I don’t blame Salazar. I understand why other people do but I think it’s misplaced. They(all of the survivors) were NOT getting information on their loved ones and were not going to see them again, that much was obvious. The people in the neighborhood are in a prison camp, watching the military seize their family members at gunpoint, then watching them being taken away with no information provided and no communication offered. As far as I’m concerned, that’s makes the military in this scenario the enemy.
The results of his move were unforeseeable. For all he knew, the military would ultimately wipe out that horde, he just needed a bit of time to accomplish his mission. He had no way of knowing there were real patients in there getting real treatment and that a safe evac was imminent, that’s thanks to the ‘need to know’ approach the military was using. Salazar’s back was against the wall, so the blame is not on him. In that kind of situation, I’d kill everyone in the base if that’s what it took to get my people out. You think I’d be “Well, they got my wife and brother, but to rescue them I’d need to kill dozens of people. So my wife and brother are shiat out of luck”? Haha, no.

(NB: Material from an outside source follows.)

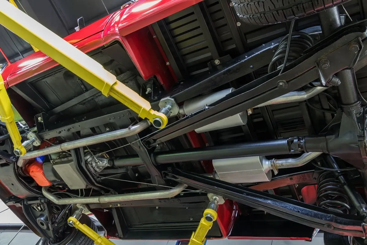 Finished in vibrant Red, the body features a cowl hood, new bumpers, doors, bed, and LED lighting. The undercarriage is clean and detailed, with solid floors and cab corners. It rides on new chrome wheels with staggered tires—225/60R15 front, 245/60R15 rear.
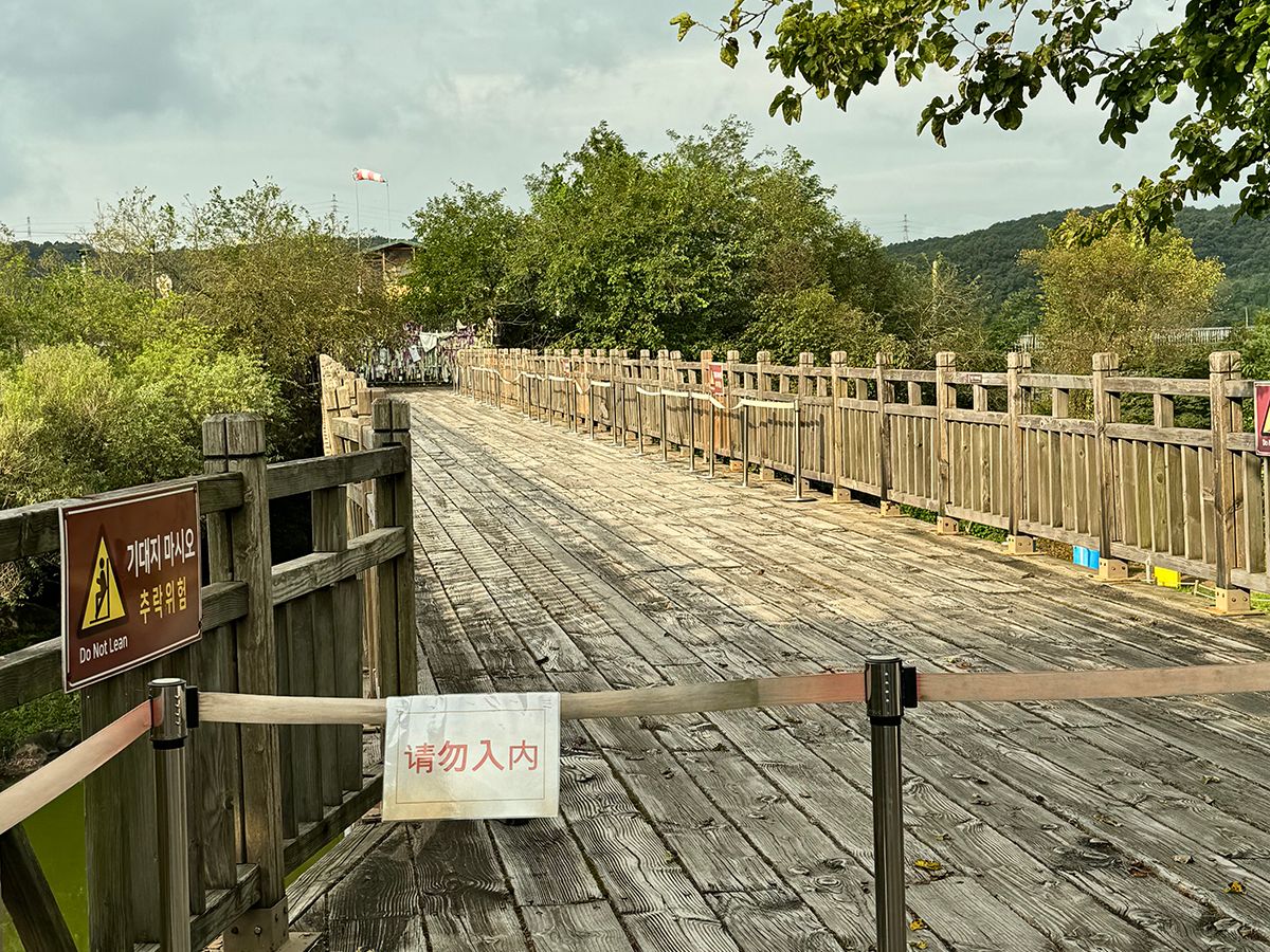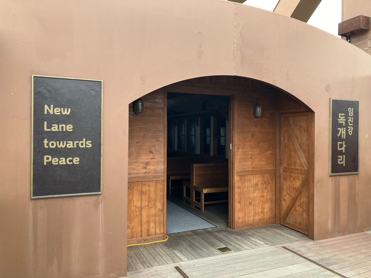 臨津閣でも戦争に関係する展示の説明をいただいた後自由時間がありました。橋の上のスカイウォークに行ったり、軽食を食べたりできます。お手洗いもあります。興味があれば北朝鮮のお札や切手を買えます。

One big flaw I agree with is the emptiness of the city. It did look eerie to me, but it didn’t fit. The streets should be teeming with zombies and/or the last fighters holding out. It should not be a ghost town. It would be a ghost town over time, as the zombies roam away, but in the immediate aftermath it should look like the world’s biggest street party. They can use CGI to create generic crowds of zombies, so I’m convinced this was a deliberate, but misguided choice.